INFORMATION SECURITY POLICY

How can you contact us?

You can reach us at any time during the day at +90(216)466 7342 or via our e-mail address info@modprocess.com.

Purpose
The purpose of the Information Security Policy is to prevent information security incidents or minimize the risk of damage in order to ensure business continuity of Modprocess Makina San ve Tic A.Ş and its affiliated group companies and to reduce the impact of potential threats.

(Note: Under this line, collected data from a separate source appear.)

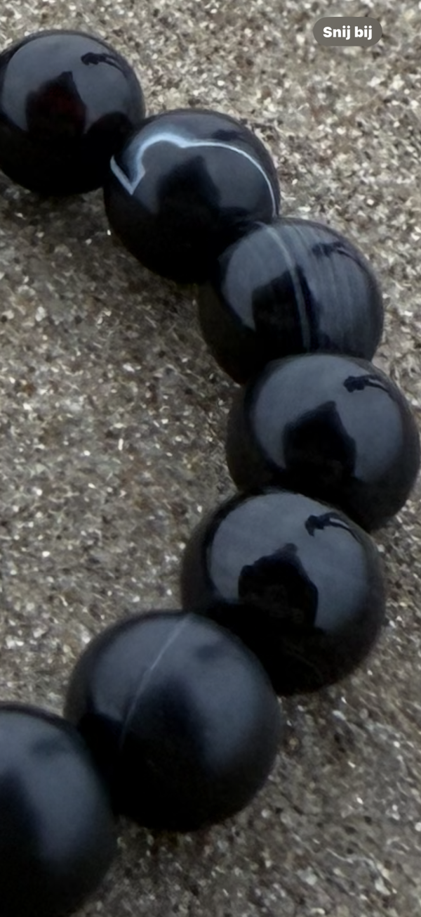 Diepe zwarte agaat met subtiele lijnen geven deze armband een stille intensiteit — niet glimmend of luid, maar mannelijk, strak en vol karakter.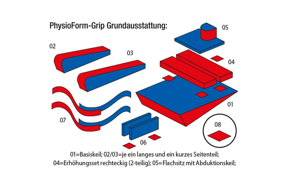 El equipo básico PhysioForm-Grip ofrece todas las piezas necesarias para la posición abdominal, lateral, de espalda y sentada de los niños más pequeños. En caso necesario, pueden añadirse piezas adicionales de la gama de accesorios. Las ilustraciones asociadas facilitan la comprensión de los posibles usos y aplicaciones.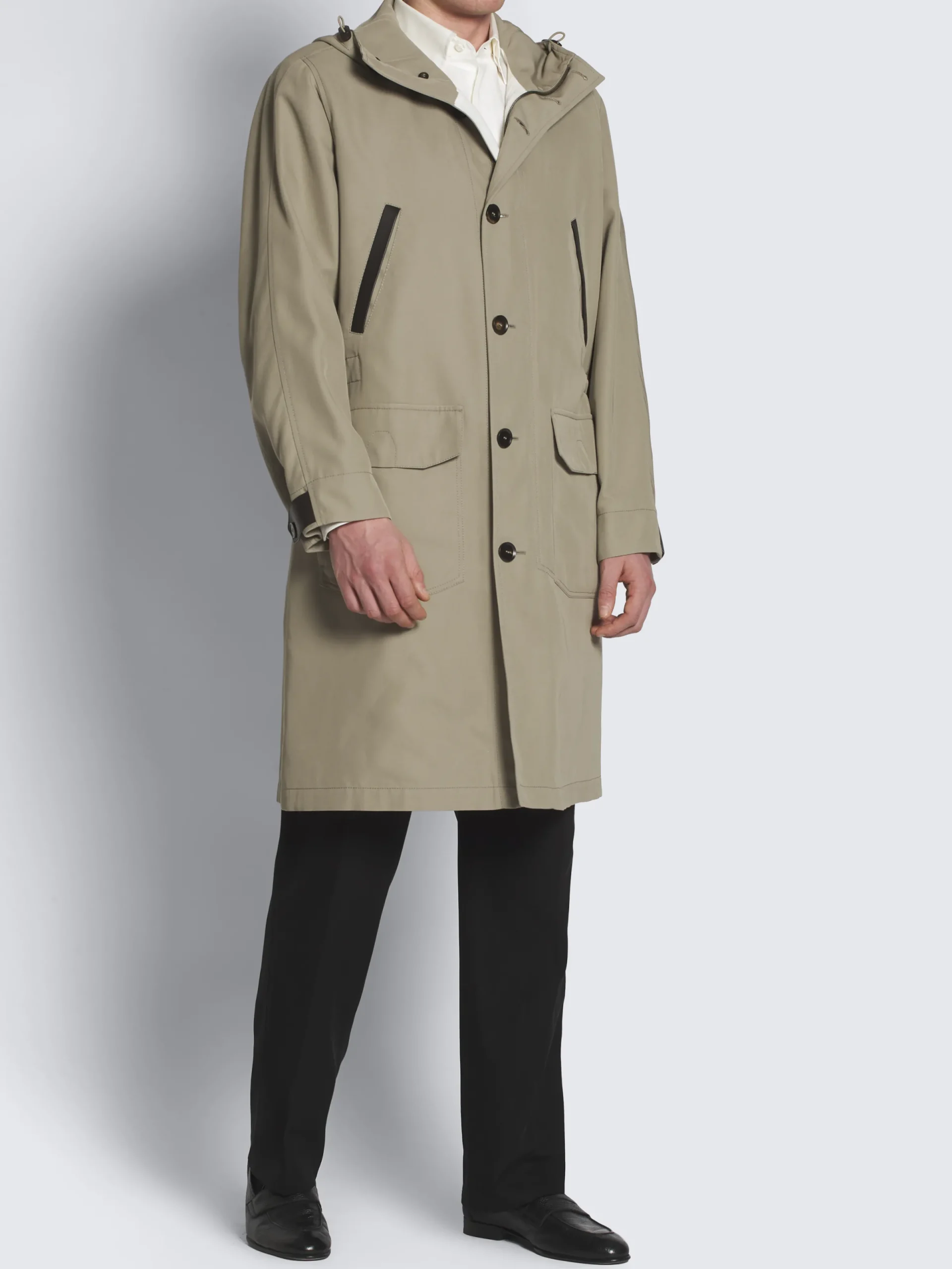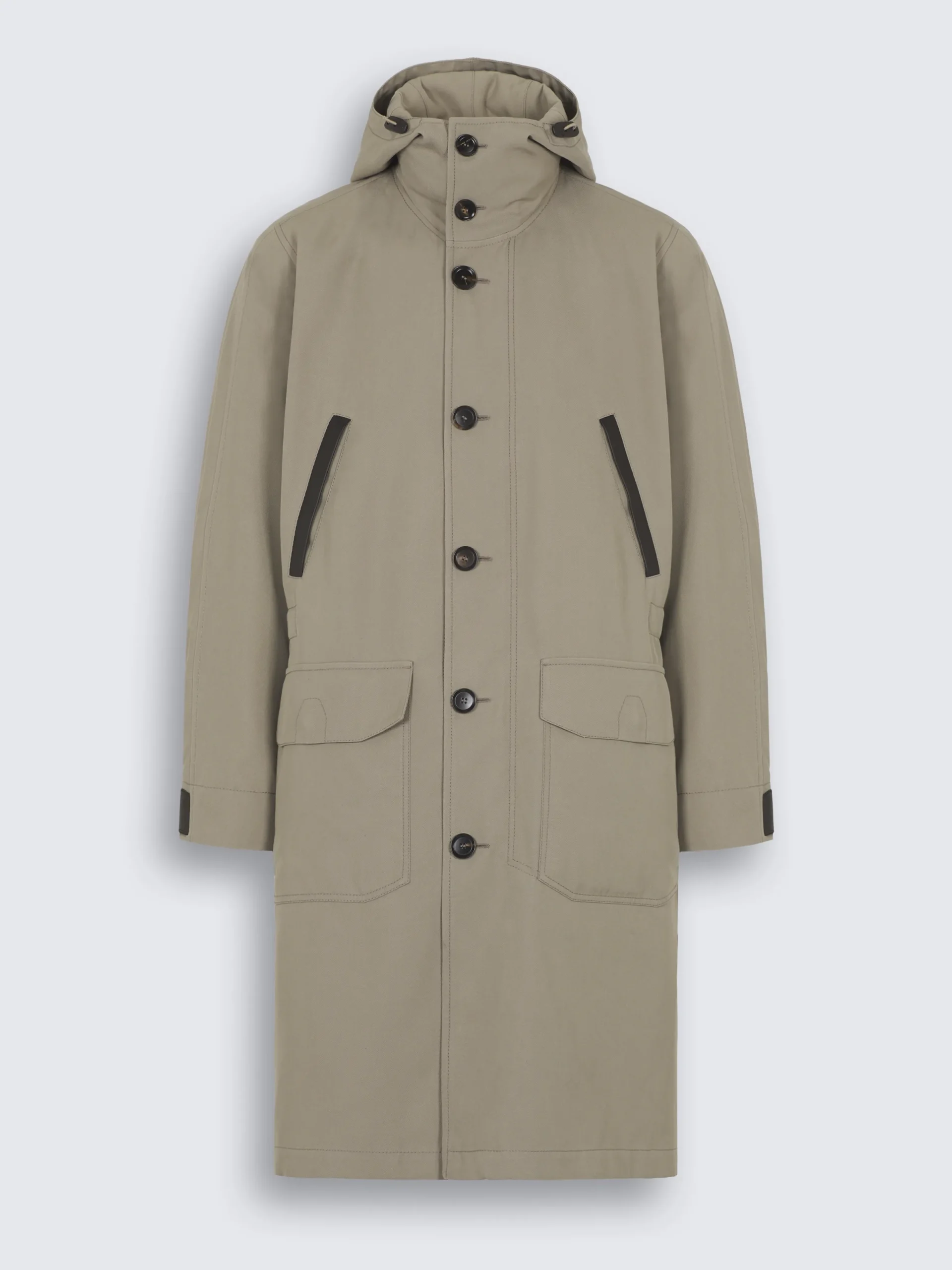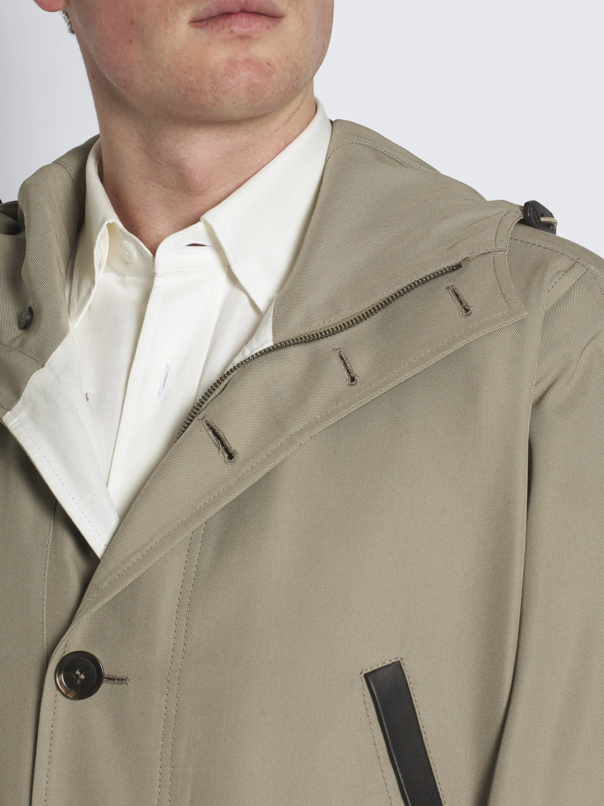 Beige silk gabardine hooded parka. Featuring a zip with metal puller and horn buttons front closure, buttons on the collar to fully close it, two chest pockets with leather trimmings, two front patch pockets with flaps and button closure, one internal zip pocket and without back vent. An adjustable drawstring with leather « B » logo bevelled ends on the hood, internal adjustable tab with horn buttons on the waist and adjustable leather tabs with button on the cuffs, will allow you to adapt the fitting of this detailed layer to your body. Comfortable and functional, it will easily complete your leisure looks.

In this context, the Information Security Management System was established and it was aimed to comply with the ISO 27001:2013 standard.

Scope
This policy covers the information assets within Modprocess Makina San ve Tic A.Ş. It is implemented by employees in all locations and suppliers / contractors inside and outside the location.

Responsibility
Information Security The Board of Directors is responsible for ensuring the installation and operation of the Information Security Management System in accordance with the ISO 27001:2013 standard, within the scope of ensuring that the confidentiality, integrity and accessibility values ​​of the company’s information assets are protected and that the risks to the processes are kept at an acceptable level approved by the senior management. Ensuring that the Information Security Management System meets the requirements of the Personal Data Protection Law (KVKK) is among these responsibilities.

Politics

  • The goal of the policy is to protect our companies’ information assets against internal and external intentional or unintentional threats, including their own data and data transmitted by stakeholders.
  • Modprocess Makina San ve Tic A.Ş Coordinator has approved this policy.
  • The Information Security Policy secures all the following requirements:
    • Defining processes and information assets and carrying out risk assessments regarding them methodologically.
    • Protection of information from unauthorized access.
    • Ensuring the confidentiality of information.
    • Protecting the integrity of information.
    • Ensuring access to information whenever business processes need it.
    • Fulfillment of legal obligations and legal obligations arising from contracts.
    • Developing and improving business continuity plans.
    • Providing Information Security training to all employees.
    • Ensuring that all Information Security violations or suspected violations are reported to the Information Security Board of Directors and reviewed.
  • Procedures and associated instructions have been defined to support this policy.
  • Information Security is provided by taking into account business needs.
  • The Information Security Board of Directors ensures the development, documentation and continuous improvement of this policy and all related documents and the Information Security Management System.
  • All management staff are responsible for ensuring that the units they manage comply with this policy and related procedures.
  • Compliance with the Information Security Policy is mandatory for all employees.